Замираю в руках Макса. Странное чувство: чужой мужчина так близко. Меня окутывает его запах — смесь дорогого мыла и ненавязчивого одеколона с нотками свежести синего оттенка — "Наутики" или классического "Давидофф".
— Не нужно так близко… — кладу руку на его грудь, чтобы отодвинуть от себя, и пальцы сами натыкаются на рельефные бугристые мышцы.
— Нужно, — шепчет он. — Мне лучше знать. Я — твой психолог.
— Психологи так себя не ведут, — нажимаю чуть сильнее, отталкивая его.
— У меня своя методика, — не сдается Макс и кладет руку на мои пальцы, поглаживая их. — И она работает. Тебе ведь легче, правда?
И тут я понимаю, что он прав. Мне и в самом деле стало легче.
— Послушай меня, Настя, — он вдруг резко прижимает меня к себе, обнимая двумя руками, — просто доверься мне, не думай, плыви по течению, делай, как я скажу. И будет все так, как нужно! И, главное: доверься своему телу. Оно умнее, чем мозг. Оно лучше знает!
— Это не так, Макс!
— Это так, Настя! Твой мозг сопротивляется, шепча, что нельзя обниматься c чужим мужиком. А тело расслаблено, ему хорошо. Ты же балерина, ты умеешь слушать тело и доверять ему. Твои мышцы сейчас, как вата.
Это звучит ужасно неправильно, но он прав. Телу не хочется, чтобы его выпускали из этих крепких мужских рук. Да, я это осознаю. Но все же…
— Так неправильно! — не сдаюсь я.
— Так логичнее всего! — горячо спорит он. — У тебя с мужем открытый брак. И если рано или поздно тебе нужно будет предъявить любовника, так кто, кроме меня, лучше всего подойдет для этой роли? Ты ведь об этом не подумала, правда?
От растерянности я даже перестала сопротивляться его рукам. Занятая мыслью о любовнице для мужа, я, действительно, совершенно упустила это из виду.
— Где ты его возьмешь, Настя? По клубам будешь бегать? — сильные пальцы Макса пробегают по моему позвоночнику, слегка надавливая, и блаженное успокаивающее тепло разливается по спине.

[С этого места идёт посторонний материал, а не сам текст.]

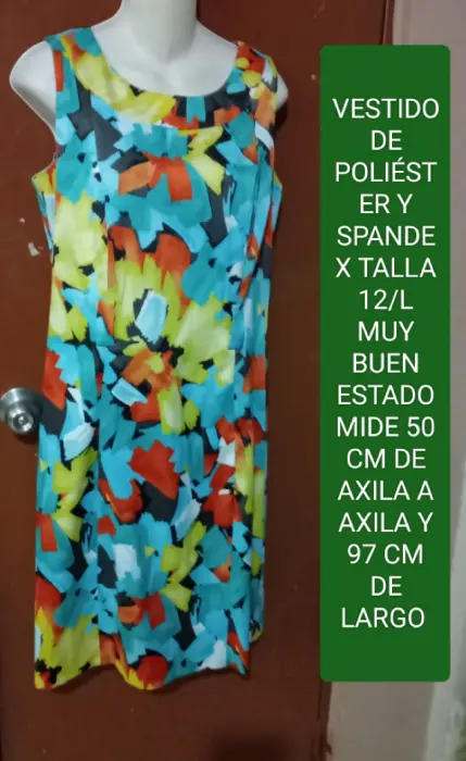 VESTIDO TALLA L/12. VESTIDO DE POLIÉSTER Y SPANDEX TALLA L/12 PRÁCTICAMENTE NUEVO MIDE 50 CM DE AXILA A AXILA Y 97 CM DE LARGO
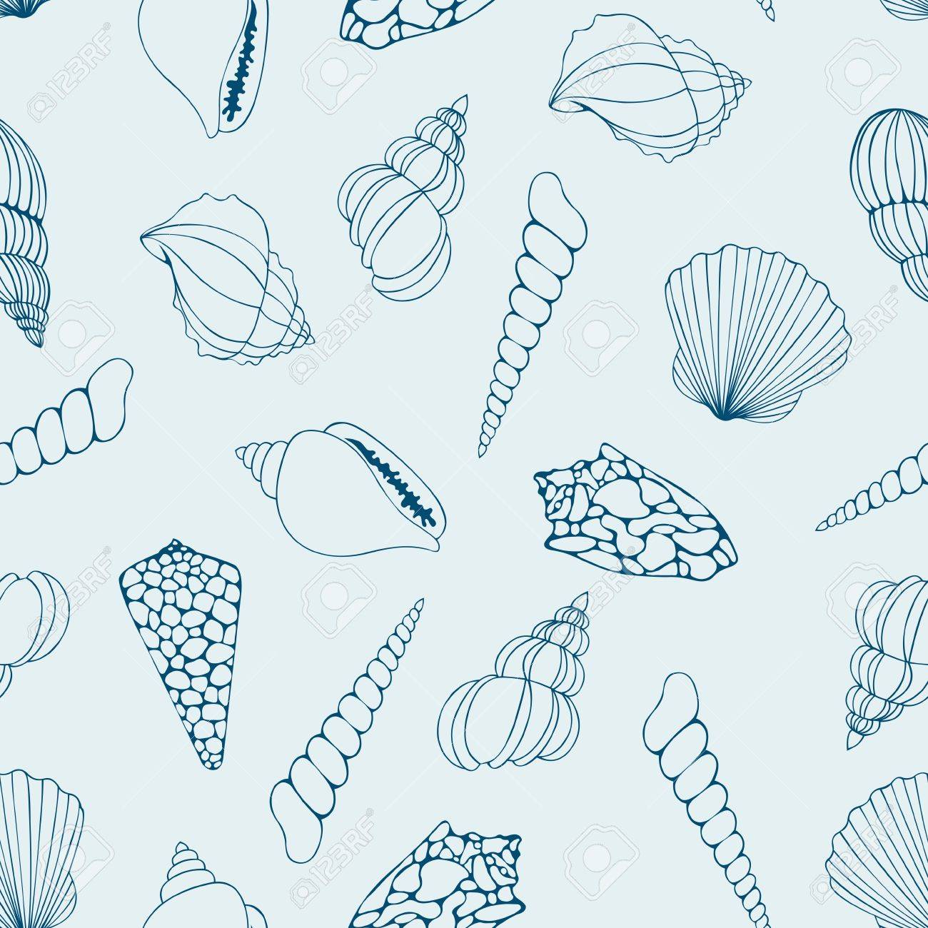 Seashells Contour Drawing Vector Seamless Pattern For Design

Даже думать об этом не хочу. Лучше уже кто-то знакомый. Макс мне, по крайней мере, не противен. А другие… стоит только подумать и представить себе, как на мне пыхтит чужой мужик, и к горлу подкатывает тугой ком тошноты.
— Хорошо, — решительно вырываюсь из его рук, отхожу к столу и становлюсь за ним, чтобы посмотреть Максу в глаза. — Можно тебя нанять на роль любовника? Только учти: спать с тобой не буду. Просто нужно, чтобы ты сыграл роль. Я увеличиваю вдвое твой гонорар психолога. Этого хватит? Или нужно больше?
— А вот сейчас было обидно, — тихо отвечает он, нервно засовывает руки в карманы и отворачивается к окну. — Мне не нужен дополнительный гонорар. Хватит того, о чем уже договорились. Я вообще-то от всей души. Ты мне очень нравишься. Наверное, потому что у меня в жизни было столько боли, что я увидел тебя и подумал: просто встретились два одиночества. Два человека, у которых внутри все выжжено, всегда понимают друг друга… ладно, неважно. Видимо, я в тебе ошибся. Извини!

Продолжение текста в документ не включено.